TASK GOAL:
Restate word for word the lines below from the one that has "Джаз-банд веселых снеговиков." through the one that has "Sisätilat heijastavat samaa", keeping both and dropping all pictures.

EXCERPTED RECORDS:
^^^^^^^^

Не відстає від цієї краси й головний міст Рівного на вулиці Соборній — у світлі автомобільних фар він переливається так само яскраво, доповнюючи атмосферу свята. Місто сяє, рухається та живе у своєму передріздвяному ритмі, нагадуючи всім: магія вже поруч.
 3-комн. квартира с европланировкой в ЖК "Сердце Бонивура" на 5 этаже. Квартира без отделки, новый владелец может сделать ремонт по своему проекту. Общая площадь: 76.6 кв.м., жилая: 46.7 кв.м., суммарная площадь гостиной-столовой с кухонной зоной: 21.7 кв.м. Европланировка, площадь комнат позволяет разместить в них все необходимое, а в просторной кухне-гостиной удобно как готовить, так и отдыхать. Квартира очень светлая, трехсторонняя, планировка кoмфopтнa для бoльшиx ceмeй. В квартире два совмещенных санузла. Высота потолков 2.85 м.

^^^^^^^^

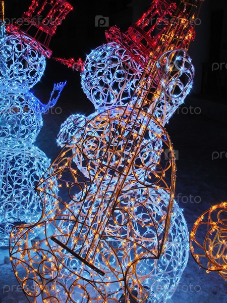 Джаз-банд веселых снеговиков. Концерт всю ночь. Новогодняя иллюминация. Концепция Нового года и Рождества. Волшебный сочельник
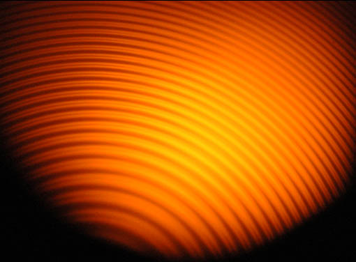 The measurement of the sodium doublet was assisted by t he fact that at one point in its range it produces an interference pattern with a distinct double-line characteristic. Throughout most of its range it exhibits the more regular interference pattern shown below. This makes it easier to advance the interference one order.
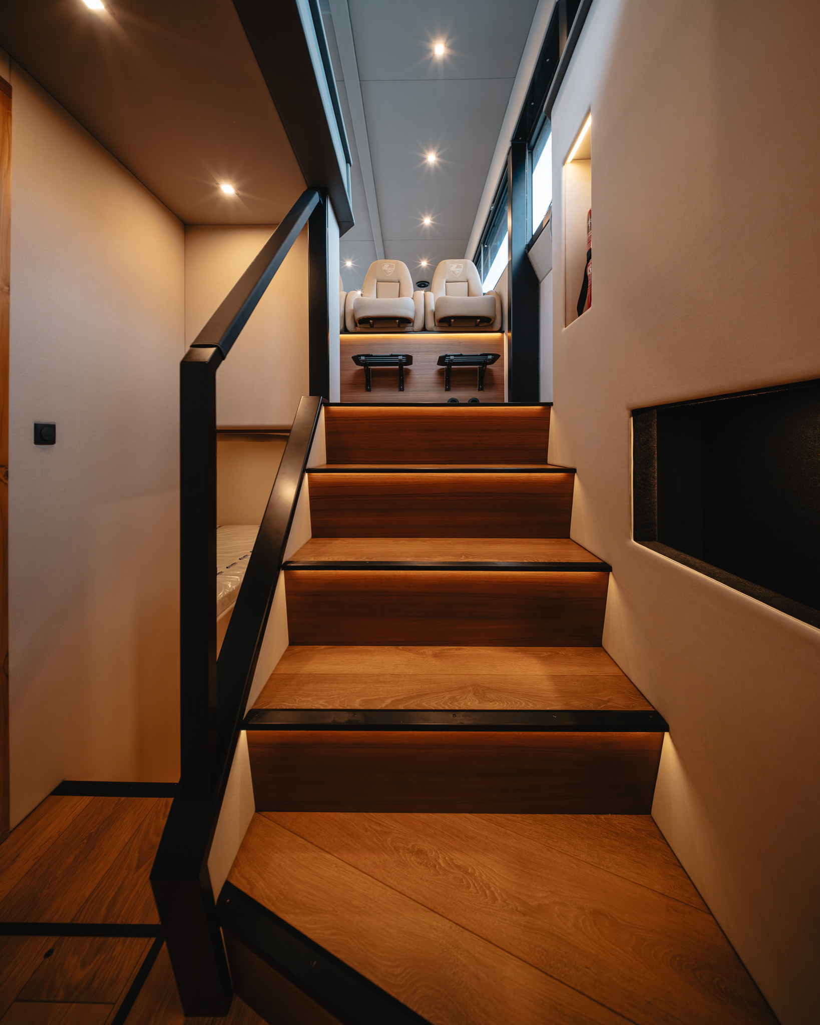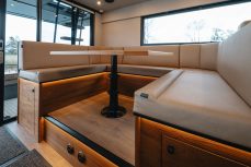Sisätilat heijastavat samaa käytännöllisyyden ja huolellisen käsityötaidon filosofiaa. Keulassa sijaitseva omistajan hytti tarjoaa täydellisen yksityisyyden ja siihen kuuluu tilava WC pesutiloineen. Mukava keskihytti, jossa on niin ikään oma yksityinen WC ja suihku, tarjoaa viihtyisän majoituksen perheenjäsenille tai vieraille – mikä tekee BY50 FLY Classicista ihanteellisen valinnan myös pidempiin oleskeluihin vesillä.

^^^^^^^^

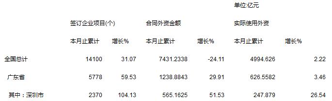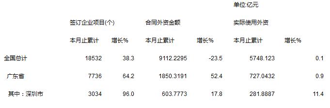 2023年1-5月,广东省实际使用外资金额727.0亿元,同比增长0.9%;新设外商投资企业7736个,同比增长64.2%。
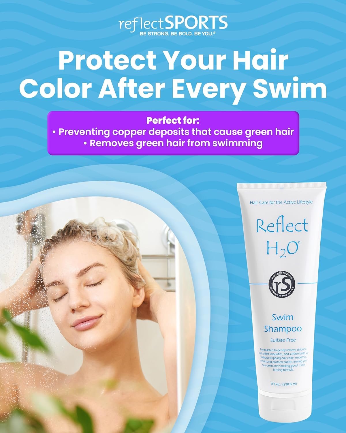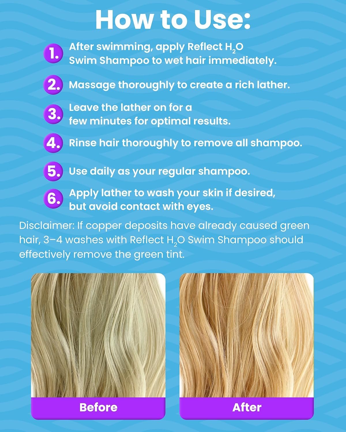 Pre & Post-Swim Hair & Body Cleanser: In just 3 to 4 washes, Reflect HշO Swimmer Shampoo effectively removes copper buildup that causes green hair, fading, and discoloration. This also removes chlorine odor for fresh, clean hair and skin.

^^^^^^^^

RESULT OF THE TASK:
 Джаз-банд веселых снеговиков. Концерт всю ночь. Новогодняя иллюминация. Концепция Нового года и Рождества. Волшебный сочельник
 The measurement of the sodium doublet was assisted by t he fact that at one point in its range it produces an interference pattern with a distinct double-line characteristic. Throughout most of its range it exhibits the more regular interference pattern shown below. This makes it easier to advance the interference one order.
Sisätilat heijastavat samaa käytännöllisyyden ja huolellisen käsityötaidon filosofiaa. Keulassa sijaitseva omistajan hytti tarjoaa täydellisen yksityisyyden ja siihen kuuluu tilava WC pesutiloineen. Mukava keskihytti, jossa on niin ikään oma yksityinen WC ja suihku, tarjoaa viihtyisän majoituksen perheenjäsenille tai vieraille – mikä tekee BY50 FLY Classicista ihanteellisen valinnan myös pidempiin oleskeluihin vesillä.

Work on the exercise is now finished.